Dirichlet's theorem on arithmetic progressions

The theorem can be found on Wikipedia.

In the subsection "Proof" Wikipedia says that there is a proof for the case $a=1$ which uses no calculus, instead splitting behavior of primes in cyclotomic extensions. Could you help me proving this?

Assumption. For every natural number $n$ there are infinitely many prime numbers $p\equiv 1 \pmod n$.

Proof: I assume there are only finitely many $p_1,...,p_i$, and let $P=p_1\cdot...\cdot p_i$. The cyclotomic polynomial

$$\phi_n(x):=\prod_{\gcd(k,n)=1,\ 1\le k<n}(x-\zeta_n^k)\;,\;\;\zeta_n=\cos\frac{2\pi}{n}+i\sin\frac{2\pi}{n}$$

The hint in Neukirch books states that not all numbers $\phi_n(xnP)$ for $x\in\mathbb Z$ can equal $1$. Why? Now let $p \mid \phi_n(xnP)$ for suitable $x$. How can a contradiction be followed from this?

That there are infinitely many primes $p \equiv 1 \pmod{n}$ for any fixed $n \in \mathbb{Z}^+$ is a nice application of some elementary properties of cyclotomic polynomials.

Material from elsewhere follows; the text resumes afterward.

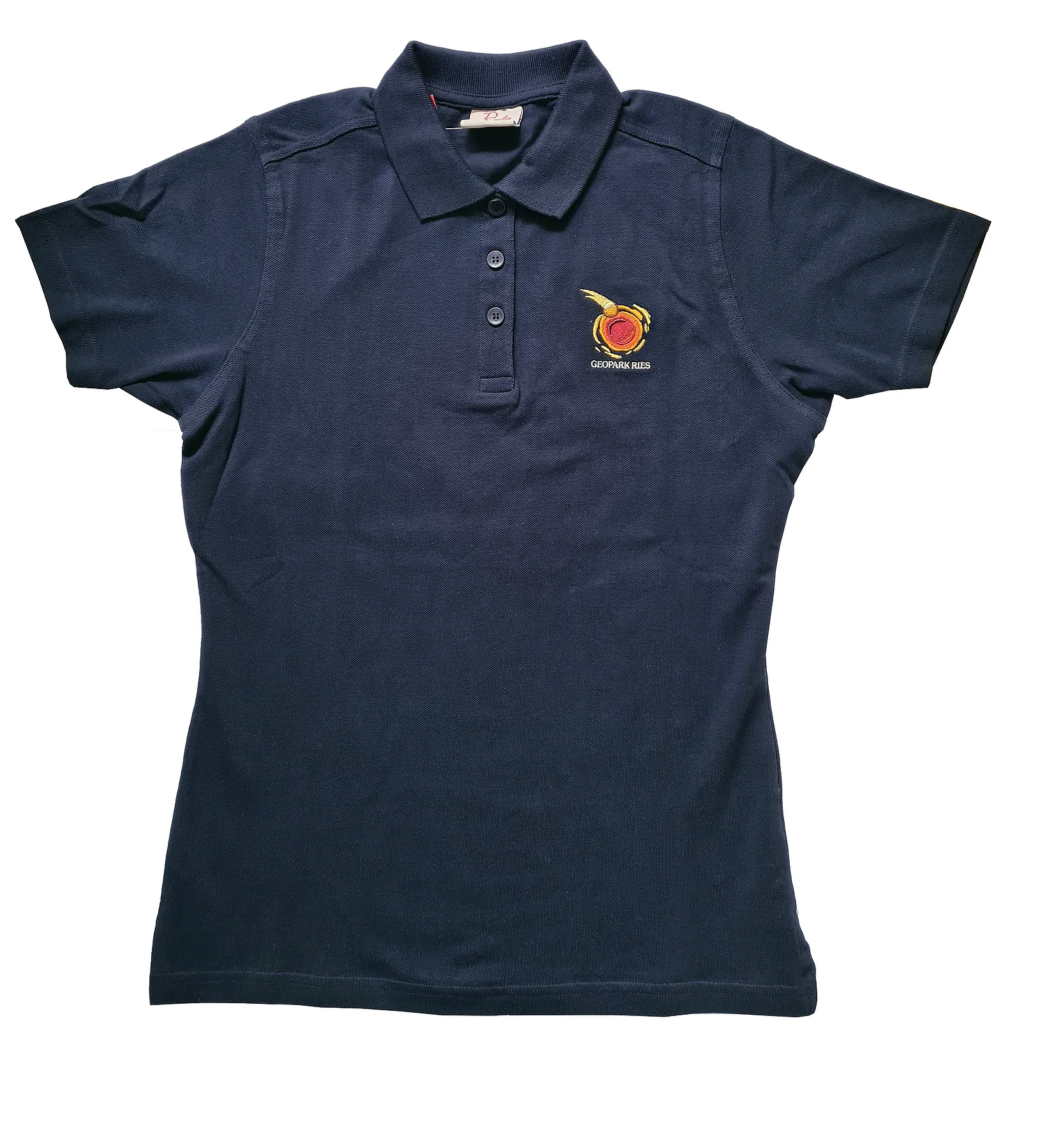 Ein dunkelblaues Poloshirt hat auf Brusthöhe das Logo des Geopark Ries aufgestickt.
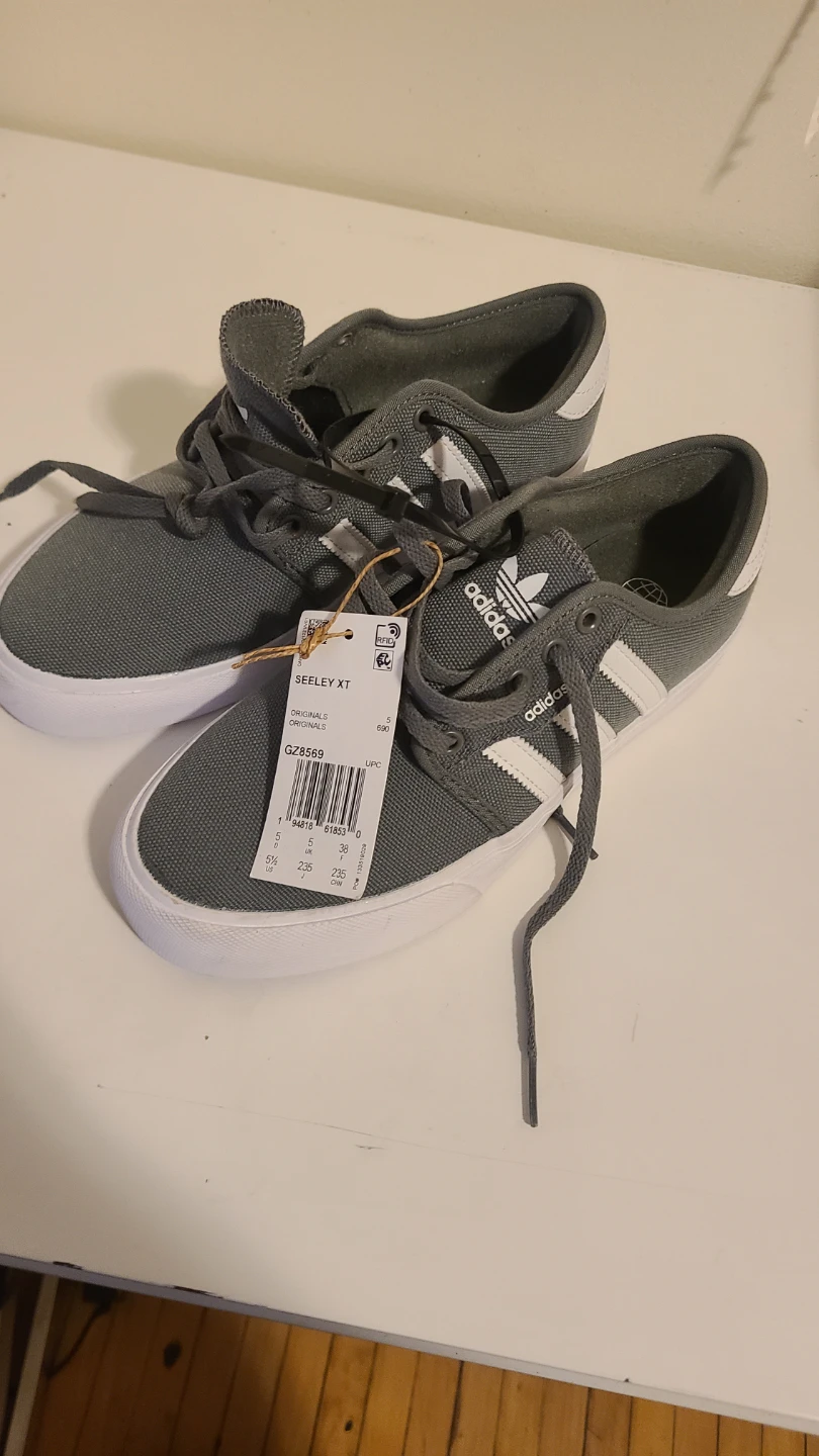 Selling a pair of Adidas Seeley XT shoes in size 5.5. They feature the classic three-stripe design and a durable construction. Great for everyday wear!

A proof can be found in $\S$ 10.1 of my field theory notes, which begins by defining cyclotomic polynomials and establishing these properties.

Note that it is not necessary to construe the argument in terms of splitting of primes in cyclotomic fields (although I agree that it is natural to think of things in this way).

The proof of the general version of Dirichlet's Theorem is roughly an order of magnitude harder than this special case. Among many other places, a proof can be found in Chapter 17 of my under/graduate number theory notes. This proof is an adaptation of the one given in Serre's A Course in Arithmetic, with more attention given to certain details.